Overrides must win over catalog defaults for the matching billing route.

## Rollout Plan

### Phase 1

- add canonical usage model
- split cache token buckets in `run_agent.py`
- stop pricing cache-inflated prompt totals
- preserve current UI with improved backend math

### Phase 2

- add route-aware pricing catalog
- integrate OpenRouter models API sync
- add `estimated` vs `included` vs `unknown`

### Phase 3

- add reconciliation for OpenRouter generation cost
- add actual cost persistence
- update `/insights` to prefer actual cost

### Phase 4

- add direct OpenAI and Anthropic reconciliation paths
- add user overrides and contract pricing
- add pricing sync CLI command

## Testing Strategy

Add tests for:

- OpenAI cached token subtraction
- Anthropic cache read/write separation
- OpenRouter estimated vs actual reconciliation
- subscription-backed models showing `included`
- custom endpoints showing `n/a`
- override precedence
- stale catalog fallback behavior

Current tests that assume heuristic pricing should be replaced with route-aware expectations.

## Non-Goals

- exact enterprise billing reconstruction without an official source or user override
- backfilling perfect historical cost for old sessions that lack cache bucket data
- scraping arbitrary provider web pages at request time

## Recommendation

Do not expand the existing `MODEL_PRICING` dict.

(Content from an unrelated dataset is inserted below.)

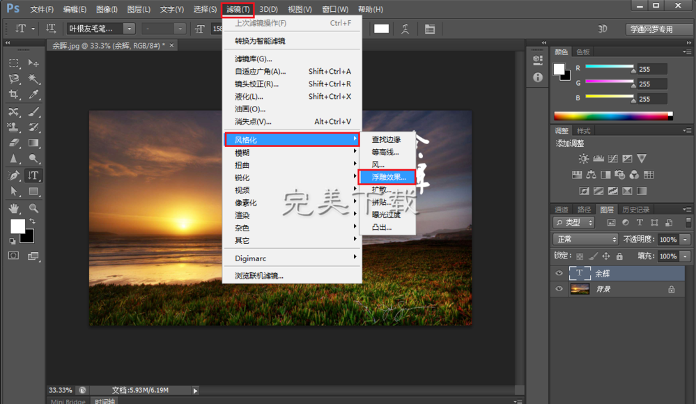4、之后选择菜单上的滤镜 → 风格化 → 浮雕效果。
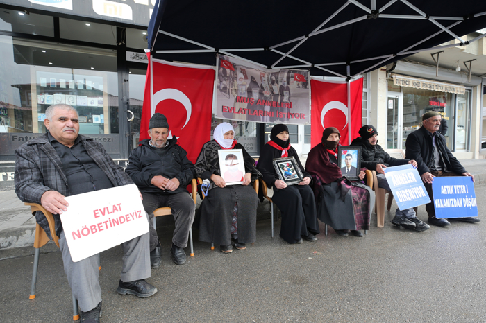 Muş'ta çocukları terör örgütü PKK tarafından kaçırılan aileler, DEM Parti İl Başkanlığı binası önündeki eylemlerine devam etti.

That path cannot satisfy the product requirement. Hermes should instead migrate to:

- canonical usage normalization
- route-aware pricing sources
- estimate-then-reconcile cost lifecycle
- explicit certainty states in the UI

This is the minimum architecture that makes the statement "Hermes pricing is backed by official sources where possible, and otherwise clearly labeled" defensible.